I know he looks at me, I know he watches all the way down the trail, up high like that, he can see me run for miles. I don’t look back, but I know it. Under that bag, who’s really there? Whose face would I see?

My misplaced steps find a rock that my eyes don’t, and I tumble, roll across scree, bang my head against chalk walls. Something black and coiling strikes from the grasses, and as I arrest my fall, I see the arrowhead of a tiny black snake clinging to my shin. I rip it away, surge up and run for untold hours, ‘till I got no running left in me.
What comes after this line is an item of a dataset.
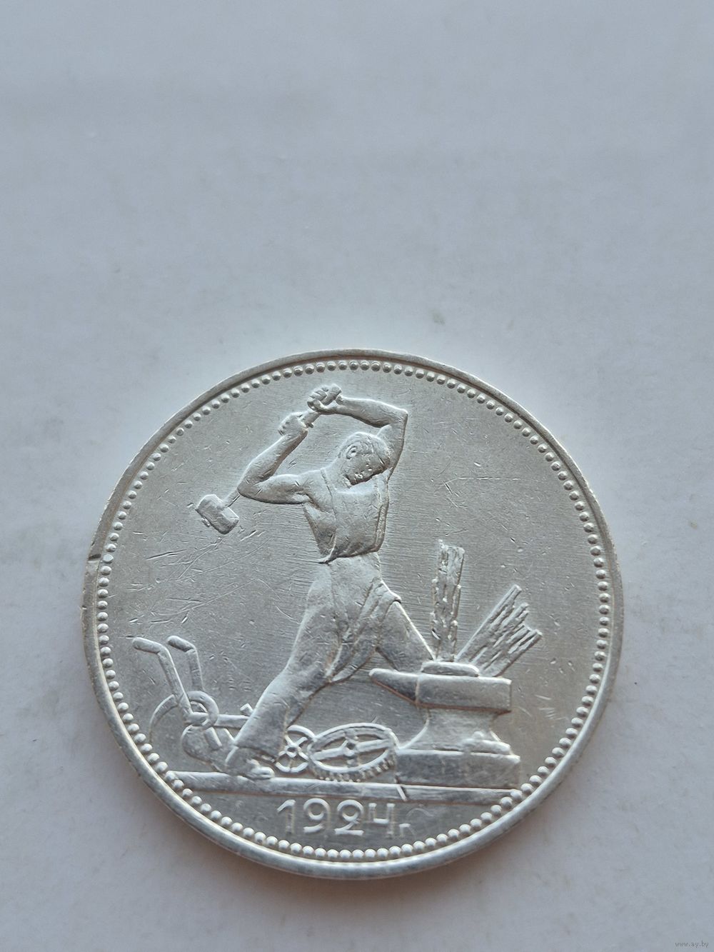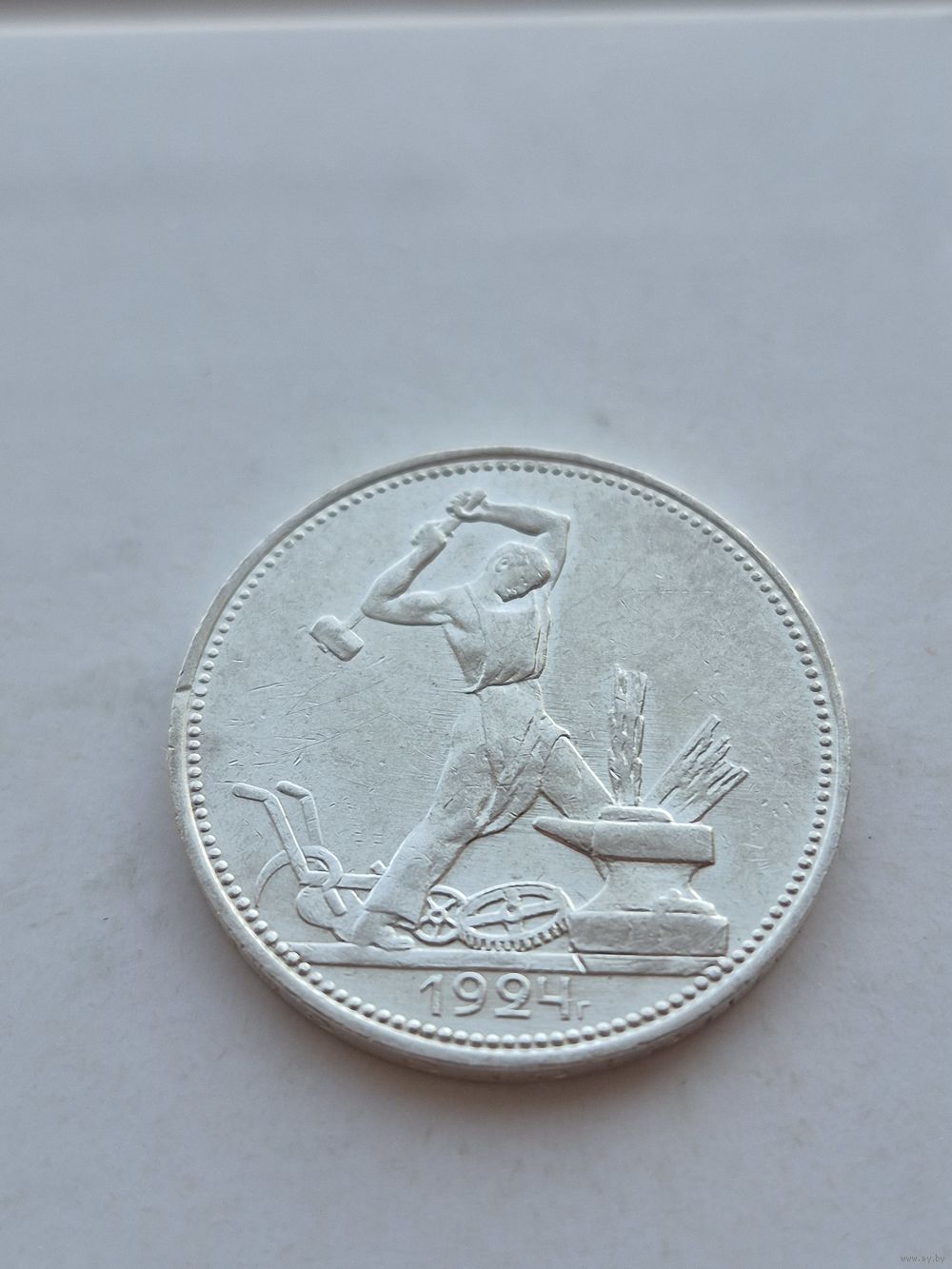 50 копеек 1924 года. ПЛ. Серебро 900. Монета не чищена. 45581.

The night that falls is colder than all others.

I got no fire.

I barely got breath.

Up against the cooling chalk, bad angle, I curl up, sucking the poison from my leg, blood coming out in a salty rush. I can’t stop from drinking it. Too weak to care. Waterskin low, have to clean the wound, have to drink.

Waterskin half empty.

Sleep. Dreams of Highpoint. Wallace and his dog. Wallace on the gallows. Wallace turning to look at me, him roped on the scaffold, me on the ground, our places unlawfully switched. Wallace looking down at me, knowing what I done. Wallace, pointing his manacled hands, shouting through the canvas they placed on his head.

No!

The sunrise finds me shivering, mouth filled with cracks.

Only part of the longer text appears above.